# Meet Mokey and Boobers - Story, lots of Pics + Video



## Schmea (Sep 21, 2007)

Mokey and Boobers have been a big part of our lives for a year and a half now, and we couldn't be happier with the two little girls. They have such incredibly different personalities. 

Mokey: the adventurous self confident one, the first to explore anything new, the first to figure out each new toy or adventure. She has a face full of curiosity, and has for some strange reason become, as my girlfriend calls her, a decided "Daddy's girl". Wherever she is, whoever she's with, she drops everything and runs to me as soon as I enter the room. If I'm not with her, she's at the closest point she can get to me, reaching towards me with her little nose, until I pick her up, whereupon she start bounding around my shoulders and arms in joy. Lately she's become quite the little snuggler, pushing herself as tight as possible against my arm as she lies down and falls asleep beside me. Her fur, is literally as soft as silk.

Boobers: "With Gusto" is how we describe Boobers. She's more hesitant to start, but every movement after she starts is done with gusto - she barrels ahead giving it 110%. She's also the resident suck, charging across the couch (with gusto) to pounce on your hand and cover it with kisses, or to climb up and grasp your nose and do the same. She's a tad bit nervous about new things, but is the most loving little rat I've ever seen. She wants nothing but to be out with us, covering us with kisses and forcing herself into our hands to be petted. She even has her own patented "self pet-o-matic" technique, where if you link your fingers and put your palms together, and rest it on your lap, she'll crawl in and spin around in circles, thereby petting herself. Her fur, while not as silky as Mokey's, is MUCH thicker, and very very soft.

Pictures:

Here they are: Mokey in the foreground, Boobers in the back. Note that Boober's eyes are actually ruby, as they really look black, and only appear red in photographs when the flash goes off.

Here they watch in interest as Jessica cleans their cage:










Boobers takes a look at the camera, while Mokey shows us her bum. 










Boobers is still curious about the camera, while Mokey looks like she's plotting to take over the world.
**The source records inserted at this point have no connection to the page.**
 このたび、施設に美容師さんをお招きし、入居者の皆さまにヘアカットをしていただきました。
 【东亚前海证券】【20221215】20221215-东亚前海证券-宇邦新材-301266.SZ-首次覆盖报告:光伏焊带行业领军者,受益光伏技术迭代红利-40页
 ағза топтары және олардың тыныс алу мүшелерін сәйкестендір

Notice Mokey's tail: yes, she cleans it - it's perfectly clean, it's just a disaster in terms of colouration.










Mokey's plotting finally comes to fruition: fear the T-REX RAT!
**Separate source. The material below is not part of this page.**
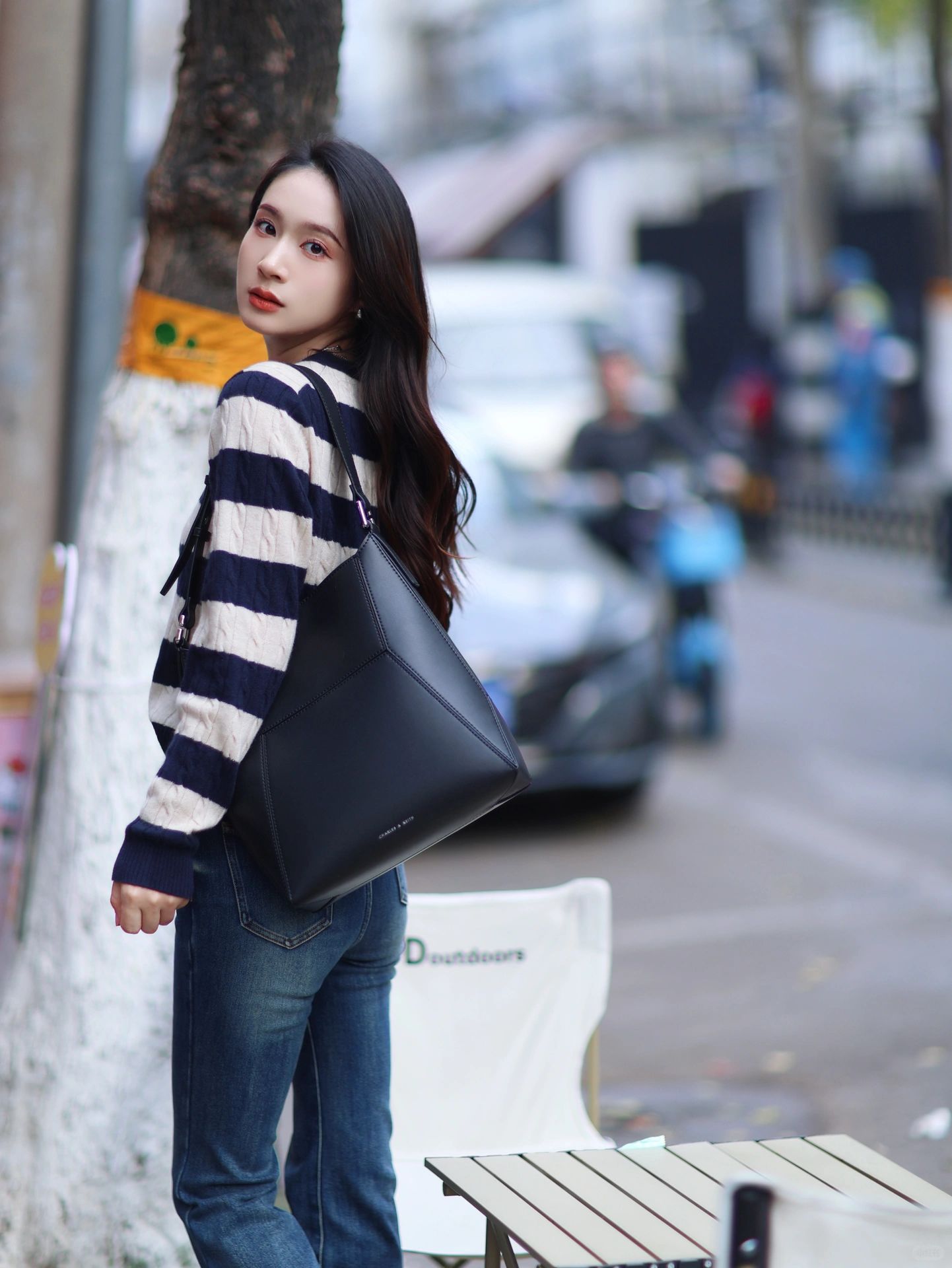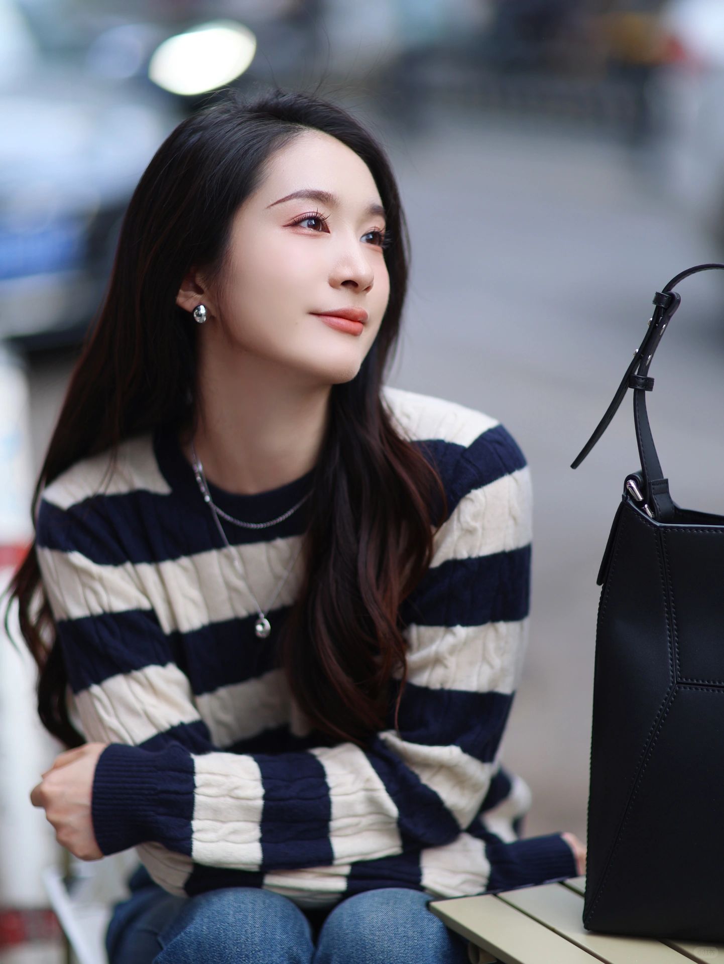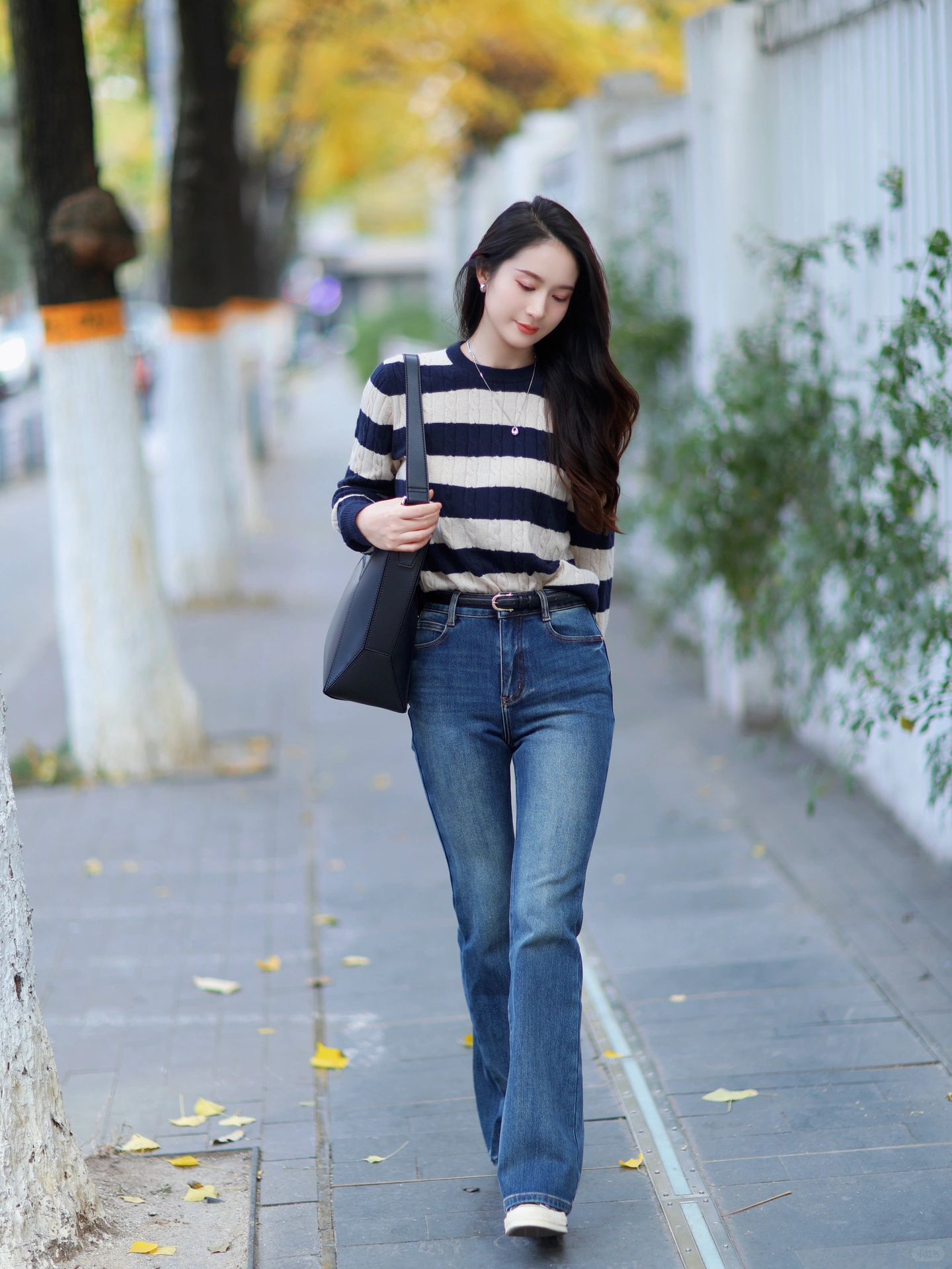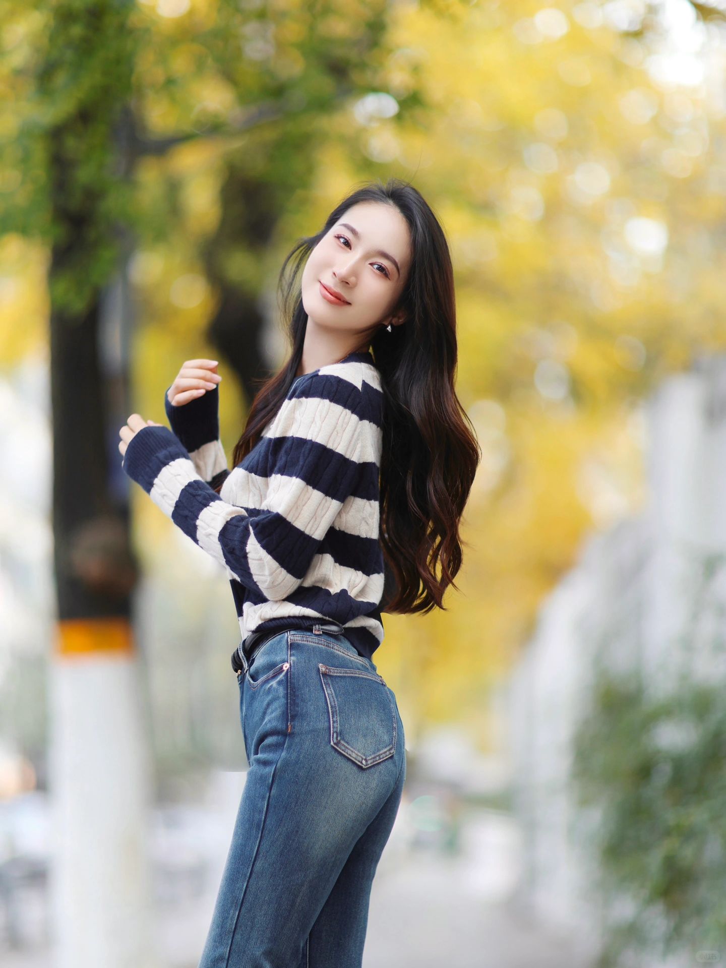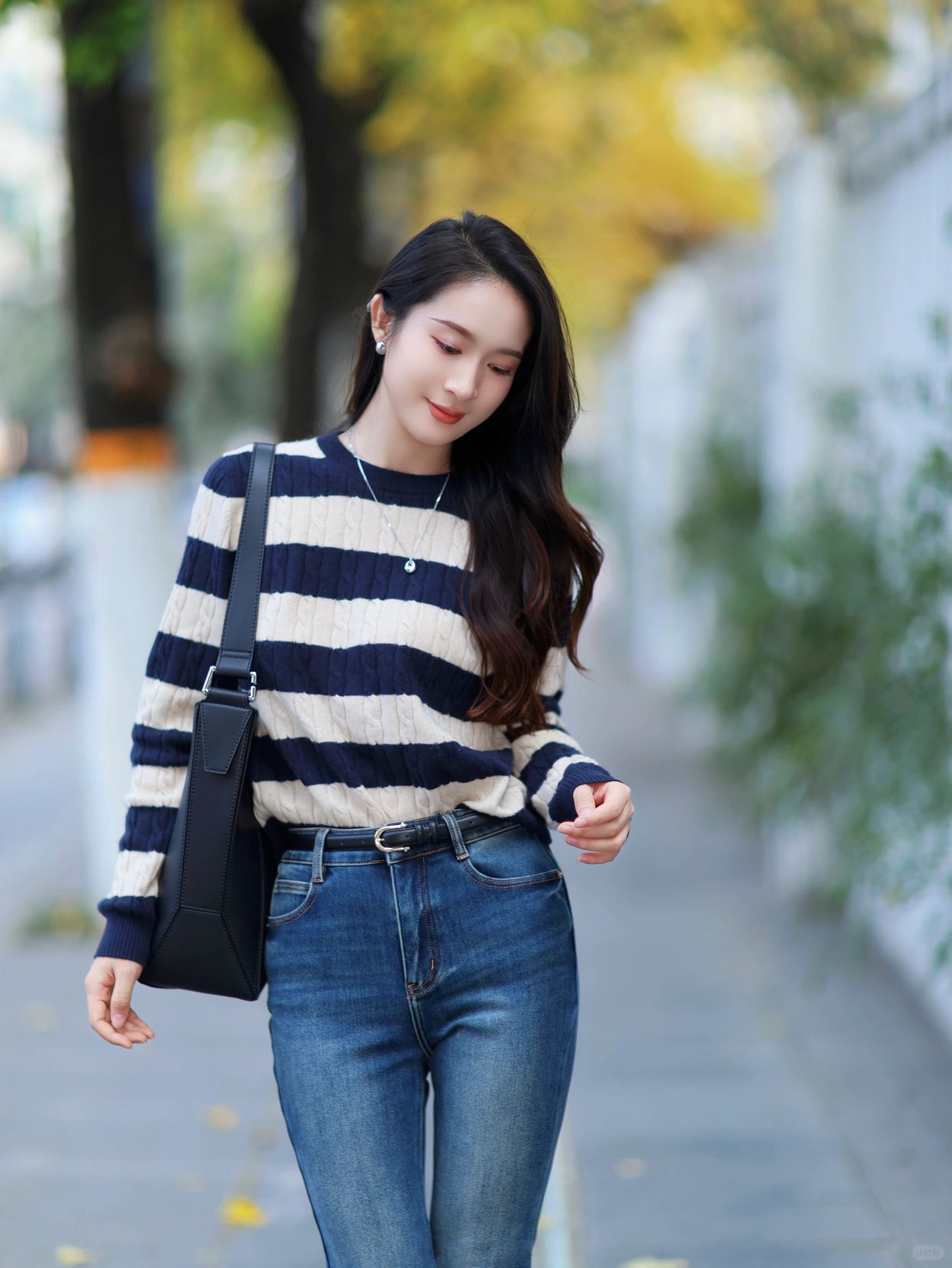 条纹针织➕牛仔裤👖简单随性感

Mokey has wondered off to terrorize some peasants as the T-Rex rat, so Boobers continues the photoshoot alone.










Both of the girls snuggle with my hand.










The REAL snuggling. This is how they'll lie for hours, occasionally pushing themselves tighter into my arm.










In this picture Mokey was sleeping next to my hand, and when Jess approached to take a picture she raised her head.
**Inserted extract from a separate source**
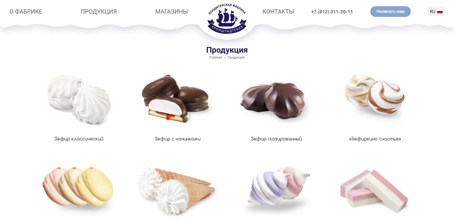 Безусловным лидером продаж является зефир – нежный, воздушный и однородный. Его рецептура отличается простотой и натуральностью: патока, сахар, фруктовое пюре, лимонная кислота, лактат натрия, яичный белок, пектин и ароматизаторы. Упаковка зефира лаконична, но узнаваема: картонные коробки, обтянутые прозрачной пленкой, в которых плотными рядами выложены разноцветные зефирки. Отличительной особенностью продукции Кронштадтской фабрики являются нежные пастельные оттенки и натуральный аромат, лишенный резких химических ноток. Это неудивительно, ведь в производстве используются исключительно натуральные ингредиенты. Например, в состав ассорти «Зефирное облачко» входят шоколад, пломбир, мандарин и черная смородина, а «Французский десерт» порадует сочетанием клубники, черники, яблока и апельсина.
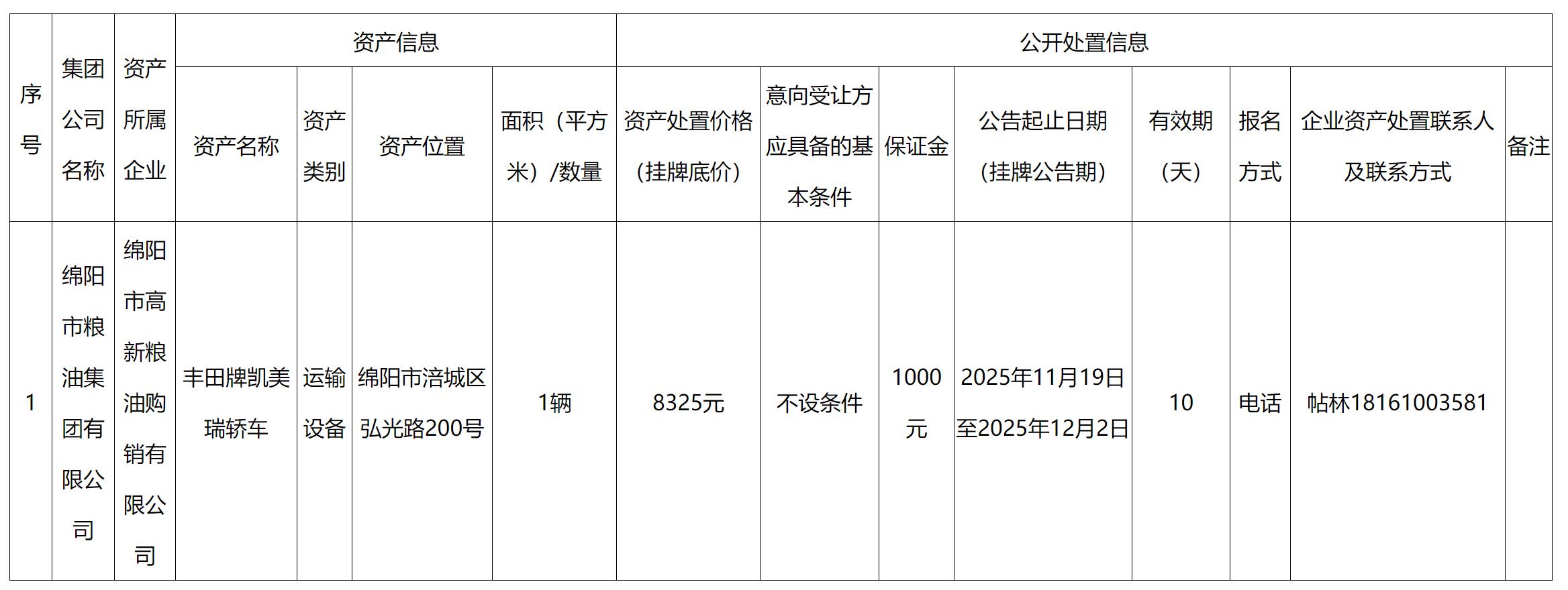 綿陽市高新糧油購銷有限公司車輛處置公告

Here's Mokey hanging out with Jess at the computer, watching the world.










Lastly, here's a little video I made last night of the girls. I tried to catch Mokey snuggling with my hand, and ended up capturing a Boobers "with gusto" moment, as you can see.

http://www.youtube.com/watch?v=K-kD3PkD9cY

Hope you enjoyed the pictures and movie... I know many people don't "get" what we see in these animals, but when you spend time with them, it's hard not to see it, in my opinion.


----------



## sonoma (May 26, 2007)

Great pics, your girls look like real sweeties! I loved the video, Boobers gets herself right in on the petting action. :lol:


----------



## kaylaface (Sep 6, 2007)

Aw they are so cute. I love their names.


----------



## Carlin (Feb 11, 2008)

Your ratties are so cute! The picture quality is really good too, it's really clear.


----------



## CaptainFlow (May 16, 2007)

They're such sweeties. I love that snuggling photo, I wish my girls would sit still long enough to give me that kind of lovin'.


----------



## Skitza (May 18, 2008)

aww so cute! names are great! awsome pics!


----------



## fabuliz (Apr 25, 2008)

So ferociously adorable!!!!! I love your girls


----------



## mells-bells (May 17, 2008)

Awwe!
God Bless!
Mokey is such a cutie.
Boober is 2 
xo


----------